L'USDA confirme la plus faible récolte de blé jamais enregistrée aux États-Unis après le gel et la sécheresse
Le département américain de l'Agriculture (USDA) a confirmé la plus faible récolte de blé jamais enregistrée aux États-Unis : la surface emblavée de la campagne 2026 est tombée à son plus bas niveau depuis le début des relevés en 1919, selon world-grain.com. Le gel et la sécheresse dans le Kansas et le Colorado ont accentué le déficit, avec des questions sur l'offre exportable américaine et les prix mondiaux.
L'USDA confirme la plus faible surface de blé depuis 1919
Le département américain de l'Agriculture (USDA) a confirmé la plus faible récolte de blé jamais enregistrée aux États-Unis : la surface emblavée de la campagne 2026 est tombée à son plus bas niveau depuis le début des relevés en 1919, selon world-grain.com. Ce chiffre marque un plancher de plus d'un siècle et accentue les inquiétudes sur l'offre exportable américaine pour la nouvelle campagne.
Selon world-grain.com, les semis au plus bas historique s'ajoutent aux dégâts climatiques dans des États producteurs clés, et les agriculteurs évaluent déjà les pertes au début de la récolte.
Le gel et la sécheresse frappent le Kansas et le Colorado
D'après world-grain.com, le gel et la sécheresse ont réduit la récolte de blé dans le Kansas et le Colorado, deux États essentiels à la production américaine de blé roux d'hiver dur (Hard Red Winter). Les agriculteurs des deux États évaluent l'ampleur des pertes et la qualité de la récolte précoce.
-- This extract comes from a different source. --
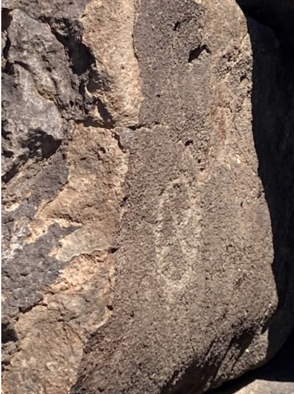
Possibly a Hopi clan sign

La base de semis réduite et les dégâts climatiques en cours de campagne pèsent sur la récolte des deux côtés : moins de surfaces emblavées et des rendements ou une qualité moindres sur les parcelles déjà semées.
Conséquences pour les exportations et les prix mondiaux
Une récolte américaine plus faible réduit le volume disponible à l'export chez l'un des fournisseurs traditionnels de blé de la planète. Pour les importateurs, cela resserre l'offre de blé d'origine américaine et peut orienter les acheteurs vers d'autres origines comme la région de la mer Noire, l'Argentine et l'Australie. Pour les exportateurs de ces régions, une concurrence américaine affaiblie ouvre une demande supplémentaire.
La deuxième variable est la qualité de la récolte. world-grain.com note que le Kansas et le Colorado évaluent encore la qualité de la récolte précoce ; les dégâts du gel peuvent affecter la teneur en protéines et le poids spécifique, des facteurs qui déterminent la valeur meunière et les primes payées par les acheteurs de farine. Tant que les données complètes de l'USDA et les rapports régionaux de qualité ne sont pas publiés, le marché s'appuie sur le tableau confirmé : la plus faible récolte jamais enregistrée et la plus petite surface emblavée depuis plus de cent ans.